# Just got a job at Costa Coffee!



## SlowRoast (Sep 24, 2010)

I'm not sure in which forum this belongs, but I got myself a Christmas (And possibly beyond) part time job at my local Costa Coffee where I did my work experience!

I'll get to have a go on the coffee machine this time, and possibly even be sent off to be trained properly (I think!), so my home espresso shall dramatically improve.









I start this Saturday, I'll have to try and get on the machine during a quiet period, and let you know what I learn.


----------



## Greenpotterer (Nov 29, 2009)

Well done james must have made a good impression the first time

Gaz


----------



## HLA91 (Jul 16, 2010)

Well done and have fun


----------



## vintagecigarman (Aug 10, 2009)

Congratulations James, nice to know that your work experience has helped! And nice that you get to work one of the machines.


----------



## coffeeman (Mar 20, 2010)

Well done James. Hope you enjoy working on the machine you'll have a lot of fun you'll have to let us/me know what machine you have as costa's have their own made by CMA. I have a 3grp Marrisa and a 2 group Fatura (machine spelling wrong I think)

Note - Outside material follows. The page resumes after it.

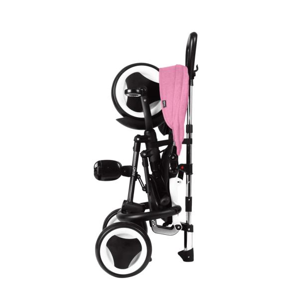 Vlastnosti:- Výškově nastavitelná řídítka pro rodiče.- Skládací – odnímatelná sluneční clona s UV ochranou UPF 50+.- Opěrka sedadla s 2 naklápěcími polohami pro pohodlnou jízdu.- Prodyšný měkký sedák a opěrka zad.- 5-bodové nastavitelné pásy.- Možnost zvolit si, kdy řídítka kola bude vaše dítě ovládat a kdy ne, se systémem uzamykání.- Funkce volnoběhu pro pohodlí a bezpečnost během jízdy. Tato funkce nám umožňuje vybrat si, kdy se pedály otáčejí spolu s kolem a kdy ne.- Sklopná opěrka nohou.- Přídavná odnímatelná opěrka nohou na podporu nohou v případě spánku během jízdy.- Brzdy na zadních kolech.- Odnímatelná zadní kola na 1 kliknutí.- Odnímatelná ochranná tyč.- Ergonomický design na otevírání a zavírání na 3 kliknutí bez použití nářadí.- Jednoduché uzavření na skladování a přepravu.- Po složení ho nemusíte zdvíhat na přepravu, můžete ho jednoduše posouvat jako cestovní tašku.- Špičková kolečka z pevné antivibrační pěny.- Velký úložný koš, který se uzavírá.- Odnímatelná taška na rodičovské rukojeti, vhodná na drobné předměty.- Bez kadmia a ftalátů.

well done again and good luck


----------



## KopiLuwak (Nov 4, 2010)

Great job james! You seem to be really excited to learn from costa coffee! hope you'll continue to share to the forums here about what you learn. will be looking forward to your future posts. Good luck and have fun!


----------



## BanishInstant (Oct 12, 2009)

Congratulations. We'll have to arrange a forum visit


----------



## sandykt (Dec 3, 2009)

Sounds like winning the lottery to me!!


----------



## Glenn (Jun 14, 2008)

I'm sure you'll do well James

Just remember to try and keep your individuality as much as you can, and always questions convention

Have you seen this?


----------



## SlowRoast (Sep 24, 2010)

Thanks everyone







CoffeeMan - We have a three group Marissa too, there used to be another two group machine, but that disappeared and I haven't seen it since.

I was certainly smiling like I'd won the lottery, Sandy!

A forum visit would be awesome! I'd reserve (Well, try to) the comfy sofa's for you, that all the customers battle over.









I haven't, Glenn, never knew about that, Costa all the way!


----------



## coffmedi3 (Nov 8, 2010)

Well done slowroast,

so how is it going, get a go on the machines yet???


----------



## awlred (Mar 10, 2009)

Congratulations, great things can start from chains. As Glenn said never take convention as truth. Where abouts are you? I'll try to pop by


----------